On 08.01.2008 01:40, Marc Jones wrote:
Carl-Daniel Hailfinger wrote:
Marc?
While the patch is against the generic x86 CAR code, it can also be easily modified to work with AMD K8/K9/K10 CAR code. Especially the recent K10 commit made AMD CAR an #ifdef mess which could be sorted out nicely.
Yes, It would be good to clean them all up.
OK, will prepare a patch to do so after we have finalized the generic x86 CAR patch.
This patch is part of my quest to clean up those v2 code parts which will someday end up in v3.
A good cause :)
Thanks.
-#if CacheSize == 0x10000 - /* enable caching for 64K using fixed mtrr */ +/* 0x06 is the WB IO type for a given 4k segment.
- segs is the number of 4k segments we want to use for CAR.

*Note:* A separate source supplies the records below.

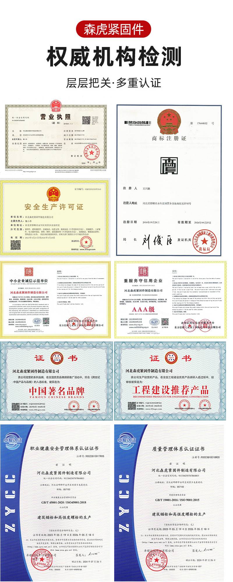 Hebei Senhu Fastener Manufacturing Co., Ltd企业会员No.1Year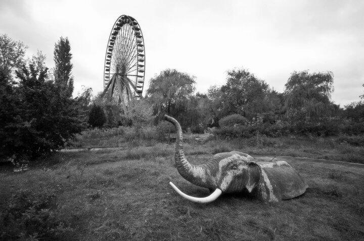 Once inside we managed to resist for a good 30 minutes, and explored the most impressive parts of the park such as the enormous ferris wheel [that can be spotted from far outside the park ] and the degraded and enormous statues of dinosaurs and elephants... after walking for a while we heard sounds of dogs barking in the distance and after a few minutes, two enormous security guards caught us [ a bit like a guards and thieves game ] and asked us in a severe tone in German to get the fuck out or they would call police.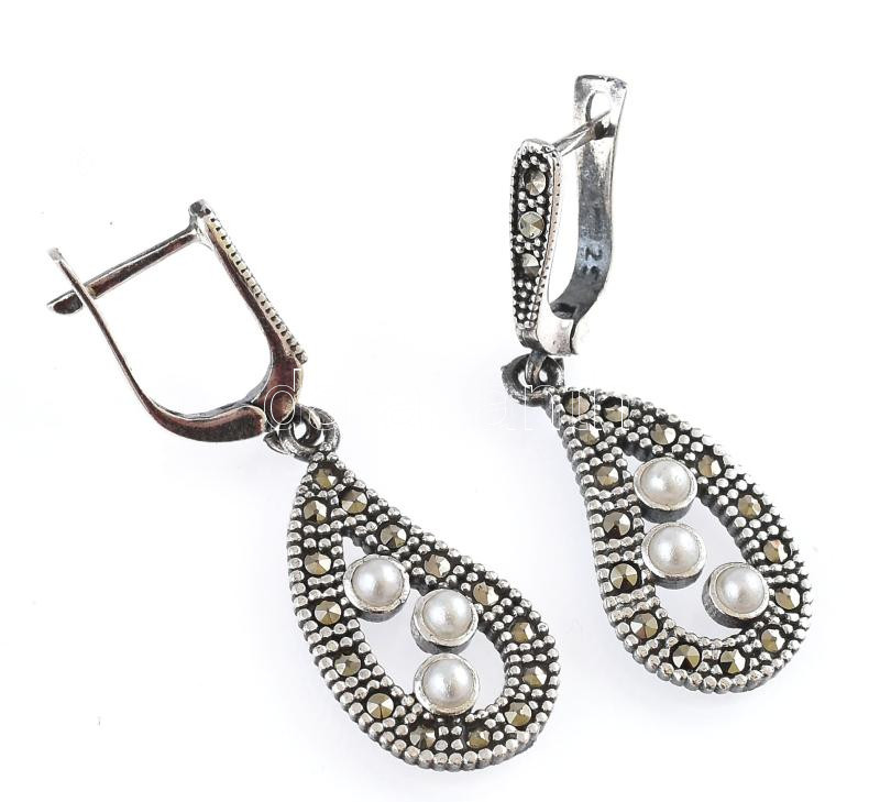 Beschreibung: Ezüst(Ag) csepp alakú fülbevalópár gyöngy és markazit díszítéssel, jelzett, h: 4 cm, bruttó: 7,1 g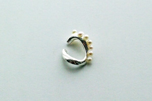 いくつかの淡水パールが埋め込まれたイヤーカフは印象的な耳周りに。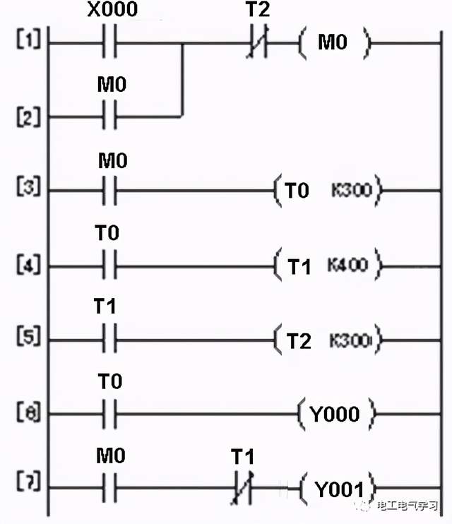 2、多定时器组合控制的PLC线路与梯形图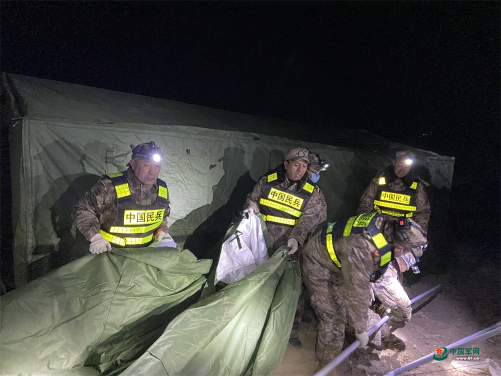 不远处的空旷平地上,另一束微光始终不熄。光晕中,传来金属支架对接的“咔哒”声、地钉砸入冻土的“砰砰”声,在寒夜里格外清晰。民兵包毅和战友拉帆布、固支架、紧绳索,动作利落。“我们加快一点,乡亲们就少挨一点冻!”他搓搓手,一锤将地钉深深砸进冻土。一顶顶军绿色应急帐篷在雪地里次第立起,包毅瞥见一位裹着厚毯的老人独坐角落,便快步走过去,蹲下身,握住老人冰凉的手,把怀里揣着的热干粮轻轻递过去:“老人家放心,炉子马上生好,我们一直都在。”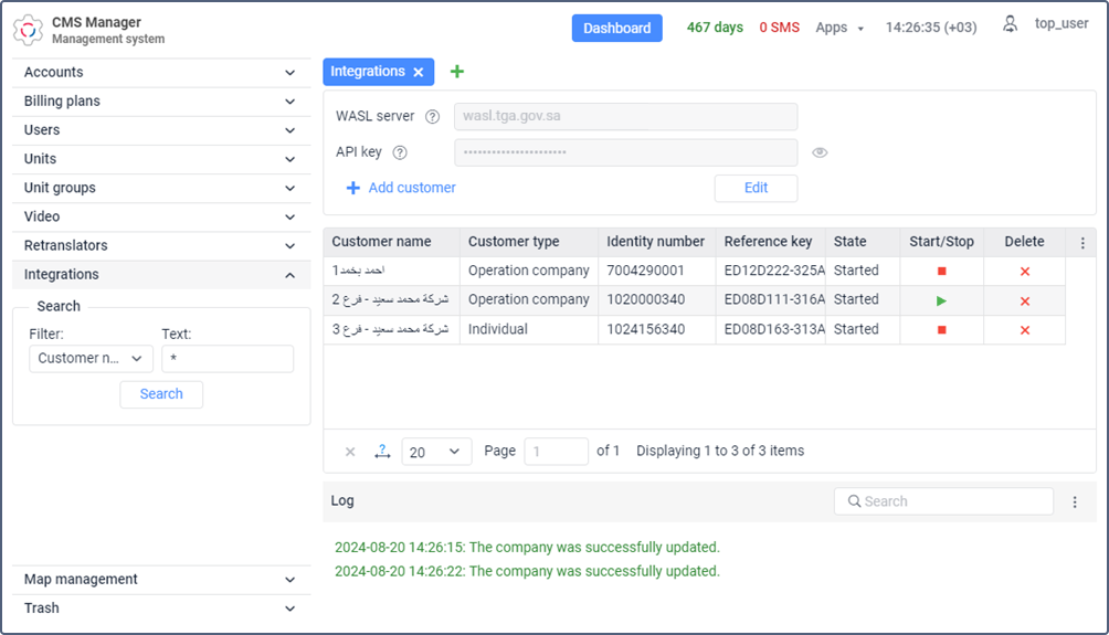 Wasl server | The address of the Wasl server to which data from Wialon should be transmitted. By default, wasl.tga.gov.sa is indicated. |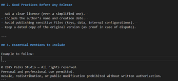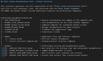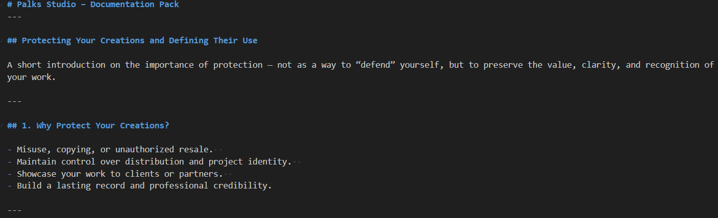 A complete documentation framework designed by Palks Studio for developers and creators who want to structure, present, and protect their projects clearly and consistently.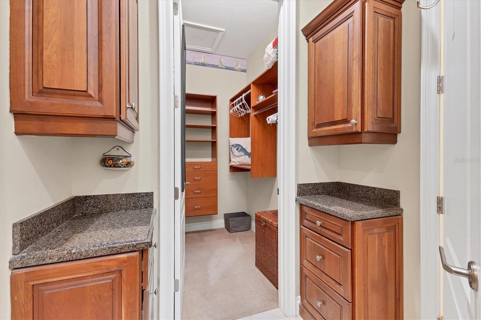 - Built-in Features, Ceiling Fans(s), Central Vaccum, Crown Molding, High Ceilings, Living Room/Dining Room Combo, Open Floorplan, Solid Surface Counters, Solid Wood Cabinets, Split Bedroom, Stone Counters, Thermostat, Walk-In Closet(s), Window Treatments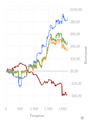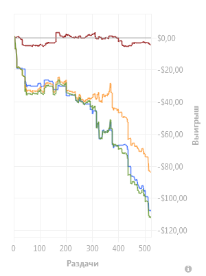 После этого решил перейти на NL10 и вот здесь меня просто размазали. За 1000 раздач минус 100$. И дело не только в деньгах, но и в уровне моей игры, реально было тяжело. После этого покопался в интернете, уделил несколько часов теории. И началось получаться, просто уменьшил кол-во разыгрываемых рук. И уже почти отыграл тот минус.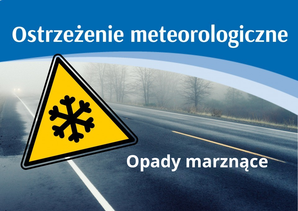 Prognozowane są słabe opady marznącego deszczu lub/oraz mżawki powodujące gołoledź.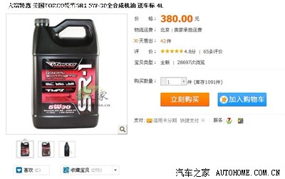 今年3月在汽车之家团的托库SR-1 街道版 5w30 4L+1L,买了两组,准备以后保养用的。结果现在囤的机油越来越多 ,现在用的是灰壳5w40,还有一瓶灰壳没用完。除了灰壳、托库,主要是囤了17瓶的1L装金美孚在等着用。现在想想用了40 的油就很难用回30的了,所以还是决定忍痛把托库出掉。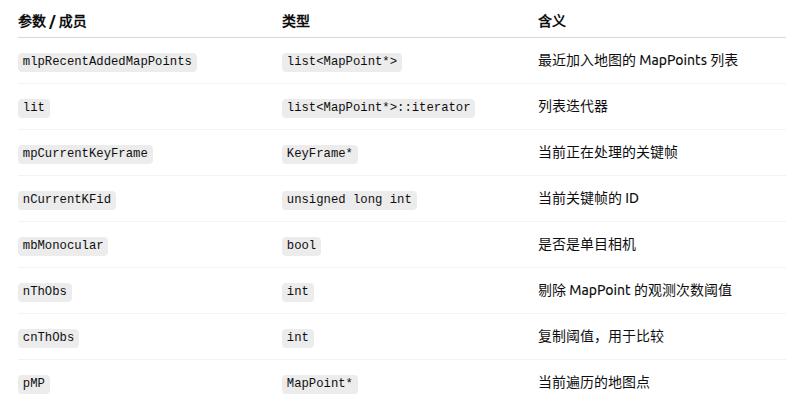 void LocalMapping::MapPointCulling() {// Check Recent Added MapPointslist<MapPoint*>::iterator lit = mlpRecentAddedMapPoints.begin();const unsigned long int nCurrentKFid = mpCurrentKeyFrame->mnId;//判定新加进来的地图点是否可靠的最少观测次数int nThObs;if(mbMonocular)nThObs = 2;elsenThObs = 3;const int cnThObs = nThObs;while(lit!=mlpRecentAddedMapPoints.end()){MapPoint* pMP = *lit;if(pMP->isBad()){lit = mlpRecentAddedMapPoints.erase(lit);}//GetFoundRatio()表示该MapPoint被Tracking成功匹配的比例else if(pMP->GetFoundRatio()<0.25f ){pMP->SetBadFlag();lit = mlpRecentAddedMapPoints.erase(lit);}//如果当前关键帧ID与首次创建关键帧ID相差≥2,并且该点的观测次数≤cnThObselse if(((int)nCurrentKFid-(int)pMP->mnFirstKFid)>=2 && pMP->Observations()<=cnThObs){pMP->SetBadFlag();lit = mlpRecentAddedMapPoints.erase(lit);}//如果当前关键帧ID与首次创建关键帧ID相差≥3else if(((int)nCurrentKFid-(int)pMP->mnFirstKFid)>=3)lit = mlpRecentAddedMapPoints.erase(lit);elselit++;} }

- subpart is the nth 32-bit window into IO type configuration.
- reg is the register where the IO type should be stored.
- */
+.macro extractmask segs, subpart, reg +.if \segs - (\subpart * 4) <= 0
- xorl \reg, \reg
+.elseif \segs - (\subpart * 4) == 1
- movl $0x06000000, \reg
+.elseif \segs - (\subpart * 4) == 2
- movl $0x06060000, \reg
+.elseif \segs - (\subpart * 4) == 3
- movl $0x06060600, \reg
+.elseif \segs - (\subpart * 4) >= 4
- movl $0x06060606, \reg
+.endif +.endm
Why not just pass in the number of 4k pieces, \segs - (\subpart * 4)?
To simplify understanding the formula for readers of the code. But I agree moving calculations makes the code more readable in the function above.
+.macro simplemask_helper segs, subpart +.if \subpart & 0x1
- extractmask \segs, \subpart, %eax
+.else
- extractmask \segs, \subpart, %edx
+.endif +.endm +/* size is the cache size in bytes we want to use for CAR.
- part is the nth 64-bit window into IO type configuration.
- */
+.macro simplemask size, part
- simplemask_helper (\size / 0x1000), (\part * 2 + 1)
- simplemask_helper (\size / 0x1000), (\part * 2)
+.endm
The \part stuff isn't really intuitive. I think an .if size > 32K would be better and then the caller doesn't have to know \part. Building on that the macro could fill in ecx as well.
I'll rewrite the patch a bit to make it more intuitive. I disagree with the ".if size > 32k" part, though. But once you see my new code, it may be elegant enough to not worry about the 32k boundary anymore.
Regards, Carl-Daniel